__Recorded information__
+++

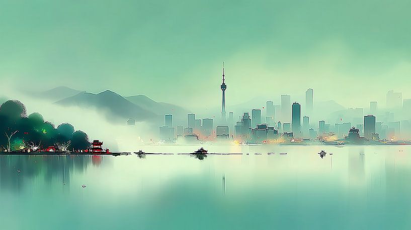 Buy this landscape artwork Abstract skyline big city at sunset by Jan Bechtum on canvas, ArtFrame, poster and wallpaper, printed on demand in high quality.
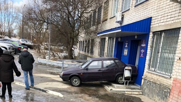 По его данным, автомобиль скатился задним ходом к крыльцу регистрационного подразделения ГИБДД, в котором выдаются водительские удостоверения и номерные знаки автомобилей.
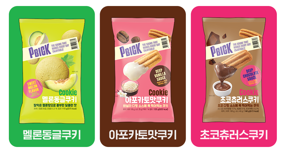 류진영 책임 피빅 리뉴얼의 시작을 알리는 제품인 만큼, 고객분들이 새롭고 감각적인 즐거움을 느끼실 수 있도록 정성껏 준비했습니다. 그 첫 라인업이 바로 쿠키 3종 시리즈인데요. 요즘 과자 업계에서 가장 핫한 맛으로 떠오르고 있는 멜론을 담은 ‘피빅 멜론동글쿠키’, 그리고 찍어 먹는 재미를 더한 신개념 찍먹 쿠키 2종, ‘피빅 초코츄러스쿠키’와 ‘피빅 아포카토맛쿠키’를 함께 선보였습니다. 기존 쿠키들이 다소 평범한 맛과 형태였다면, 피빅의 쿠키는 소스를 찍어 먹는 새로운 방식을 통해 더욱 풍부하고 다채로운 맛을 경험할 수 있도록 기획했답니다.

+++

__To do__
Every line above should be retyped exactly; the pictures do not belong in the copy.

__Written solution__
 Buy this landscape artwork Abstract skyline big city at sunset by Jan Bechtum on canvas, ArtFrame, poster and wallpaper, printed on demand in high quality.
 По его данным, автомобиль скатился задним ходом к крыльцу регистрационного подразделения ГИБДД, в котором выдаются водительские удостоверения и номерные знаки автомобилей.
 류진영 책임 피빅 리뉴얼의 시작을 알리는 제품인 만큼, 고객분들이 새롭고 감각적인 즐거움을 느끼실 수 있도록 정성껏 준비했습니다. 그 첫 라인업이 바로 쿠키 3종 시리즈인데요. 요즘 과자 업계에서 가장 핫한 맛으로 떠오르고 있는 멜론을 담은 ‘피빅 멜론동글쿠키’, 그리고 찍어 먹는 재미를 더한 신개념 찍먹 쿠키 2종, ‘피빅 초코츄러스쿠키’와 ‘피빅 아포카토맛쿠키’를 함께 선보였습니다. 기존 쿠키들이 다소 평범한 맛과 형태였다면, 피빅의 쿠키는 소스를 찍어 먹는 새로운 방식을 통해 더욱 풍부하고 다채로운 맛을 경험할 수 있도록 기획했답니다.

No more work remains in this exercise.